Becker was born in Springfield, Massachusetts to Jewish immigrant parents. After completing military service, in which he served in the infantry and helped to liberate a Nazi concentration camp, he attended Syracuse University in New York. Upon graduation he joined the US Embassy in Paris as an administrative officer. In his early 30s, he returned to Syracuse University to pursue graduate studies in cultural anthropology. He completed his Ph.D. in 1960. The first of his nine books, Zen, A Rational Critique (1961) was based on his doctoral dissertation. After Syracuse, he became a professor at Simon Fraser University in Vancouver, BC (Canada).

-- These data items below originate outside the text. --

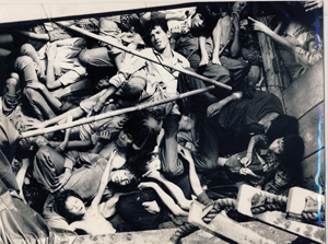 ORPHANS OF THE STORM: South Vietnamese boat people fleeing their country in a small craft arrive in the coastal waters of Hong Kong. These people had been without food or water for several days when British authorities boarded the craft and took this photo of the passengers, some dead, some dying.
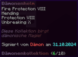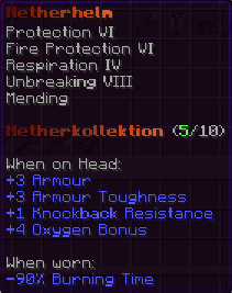 Ein Helm, geschmiedet in den Tiefen der Hölle, der ultimativen Schutz bietet. Er ist verzaubert mit Feuerschutz VIII, Reparatur, Schutz VIII und Haltbarkeit X.
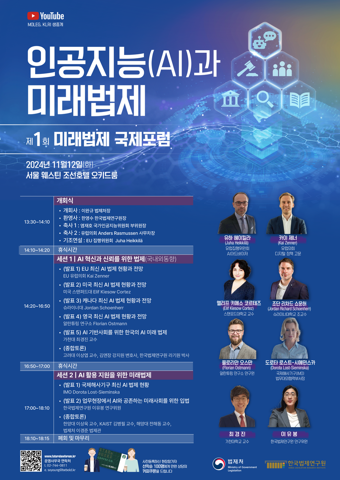 포럼에 관심 있는 사람은 누구나 법제처의 ‘미래 법제 국제포럼’ 전용 웹사이트를 통해 사전 등록이 가능하며, 법제처와 한국법제연구원 유튜브 채널에서 실시간 중계로도 시청할 수 있다.
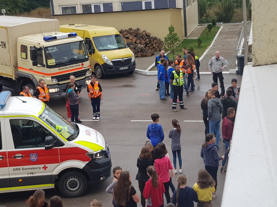 Joi, 26 septembrie 2019, Liceul ”Demostene Botez” Trușești a primit vizita Crucii Roșii Germania, DRK Sonneberg Kreisverband e.V. Echipajul, alcătuit din 12 voluntari și patru autospeciale de urgență, a participat la o acțiune de informare cu privire la tehnica și personalul de urgență. Aceștia au discutat cu elevii despre tehnici de prim-ajutor, logistica în cazul unei catastrofe, intervenții necesare în caz de cutremur, incendii și inundații și au răspuns multitudinilor de întrebări venite din partea elevilor.

Becker came to the position that psychological inquiry inevitably comes to a dead end beyond which belief systems must be invoked to satisfy the human psyche. The reach of such a perspective consequently encompasses science and religion, even to what Sam Keen suggests is Becker's greatest achievement, the creation of the "science of evil." In formulating his theories Becker drew on the work of Søren Kierkegaard, Sigmund Freud, Wilhelm Reich, Norman O. Brown, Erich Fromm, and especially Otto Rank. Becker came to believe that a person's character is essentially formed around the process of denying his own mortality, that this denial is necessary for the person to function in the world, and that this character-armor prevents genuine self-knowledge. Much of the evil in the world, he believed, was a consequence of this need to deny death.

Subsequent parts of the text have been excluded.